PlanetSmasher

The Abominable Showman
Member
Oct 25, 2017
117,996
Did anyone buy it on PlayStation? A multiplatform launch would have been much better, but I doubt they were expecting the award winnung, game with "excellent word of mouth" to fizzle like it did on PlayStation. I was surprised someone tweeted it didn't do to hot. At least that's what I remember.

Year-late ports, released only on digital, with NO marketing, never sell well. It was sent to die BOTH times it came out.
 

bottledfox

Avenger
Oct 28, 2017
1,580
MS wants to focus on the big IPs they acquired, but there's legitimacy to the strategy of growing franchises over time. And Hi-Fi rush deserved to get a sequel, with an actual marketing campaign behind it. It would be a risk, but if you want the prestige of having games in the GOTY conversation, that's the kind of risk you need to take!
 
Jun 5, 2023
2,737
Year-late ports, released only on digital, with NO marketing, never sell well. It was sent to die BOTH times it came out.
Can say I disagree with that. Microsoft really put that word of mouth to the test with Hi-Fi. Game got no advertising outside of it. Guess they figured that positive reception would turn into sales with no help from them.
 

PlanetSmasher

The Abominable Showman
Member
Oct 25, 2017
117,996
Can say I disagree with that. Microsoft really put that word of mouth to the test with Hi-Fi. Game got no advertising outside of it. Guess they figured that positive reception would turn into sales with no help from them.

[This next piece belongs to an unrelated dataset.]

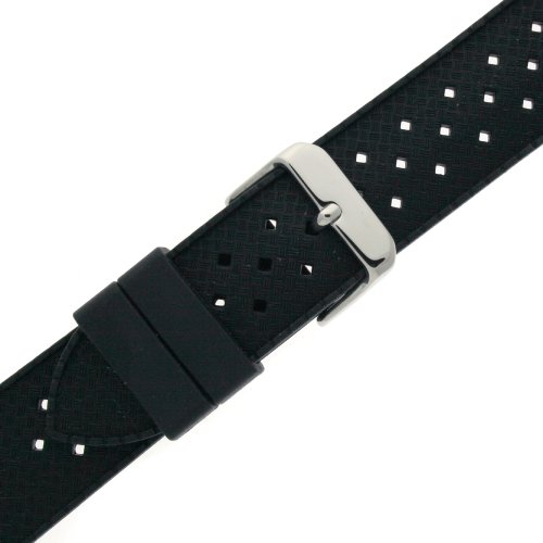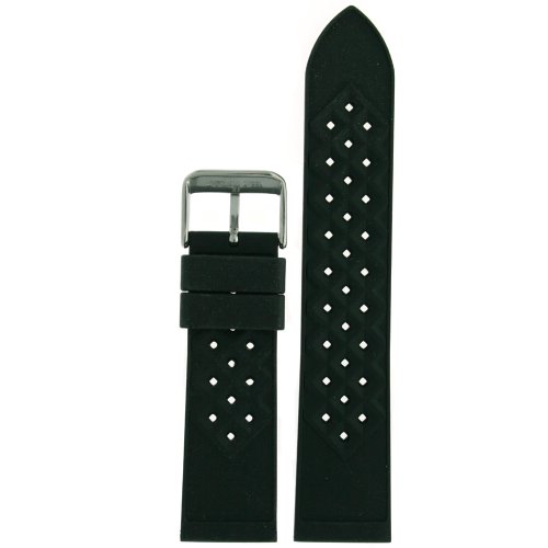 -. Feature : 20mm Silicone Rubber Watch Band Black with Heavy Stainless Steel Buckle / Strap Features Hole Textured Design To Help Prevent Perspiration Under Band / Band Length: Buckle Side: 3 1/4" Including Buckle and Hole Side: 4 3/4". Band Thickness 3mm / Waterproof Replacement Strap is Ideal for Divers or Sport Watches / Stainless Steel SP.R.Ing Bars Included

I tried. I really tried. But unfortunately, stylish action games are a hard enough sell on their own, much less stylish action games with a rhythm core (rhythm games tend to scare off casual players because they're afraid they won't be able to keep up), and without an actual marketing campaign and - more importantly - a good run on the streamer/influencer circuit, there was just no way it was going to make a dent.
 

NukeRunner

Member
Feb 8, 2024
437
I read this article an hour or two ago. My thoughts were basically that there is no chance in hell they'd close Tango if Hi-Fi Rush was as successful as some of those titles mentioned in comparison. Hades, Hades 2, Manorlord (insanely huge hit), and Balatro. Lots of games like Hi-Fi Rush are incredibly successful on steam now and the past 5-10 years.

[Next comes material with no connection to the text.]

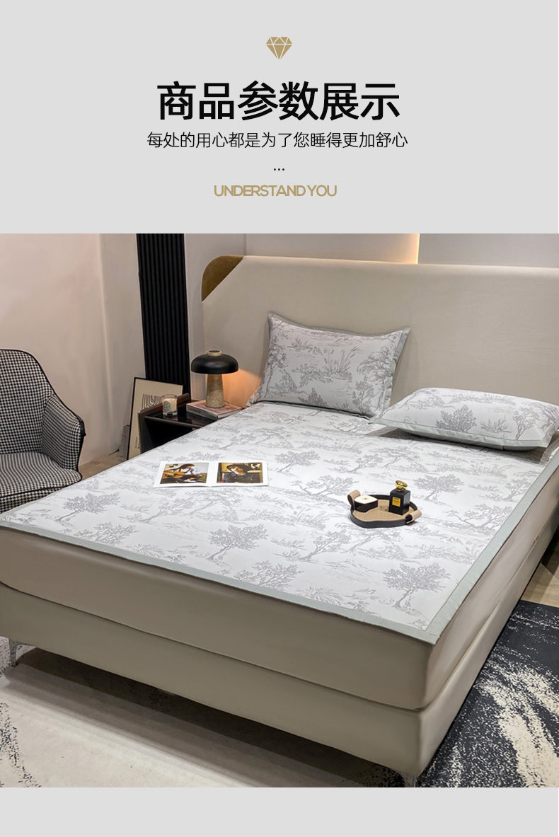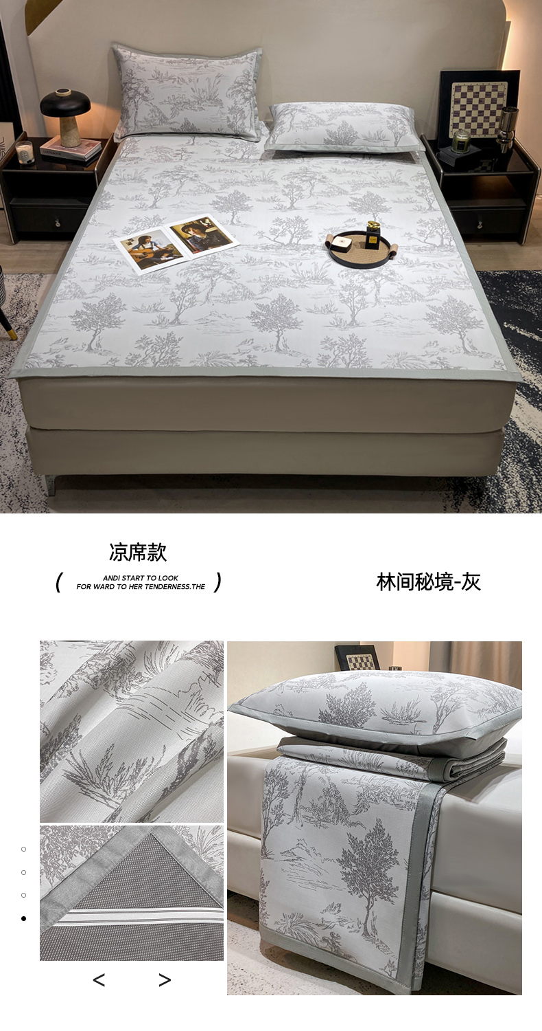 当前位置: 91家纺网 > 商品网购 > 床上用品 > 凉席 > 冰丝席 > 蝶帕家纺 2025新品A类PE高分子乙纶复合三明治提花冰丝席 林间秘境-灰 床席

I'm not saying they should've gotten closed down, I just don't think they would have had they hit those numbers.

I think having an expectation that a game like that will hit those heights is kind of the problem. You make games like that to help build userbases not sell 10 million copies. That game would never sell that well on any platform, but they refuse to understand their still exist overall value to a game like it existing. It helps diversify your userbase and build prestige for your brand, something most console makers know is valuable.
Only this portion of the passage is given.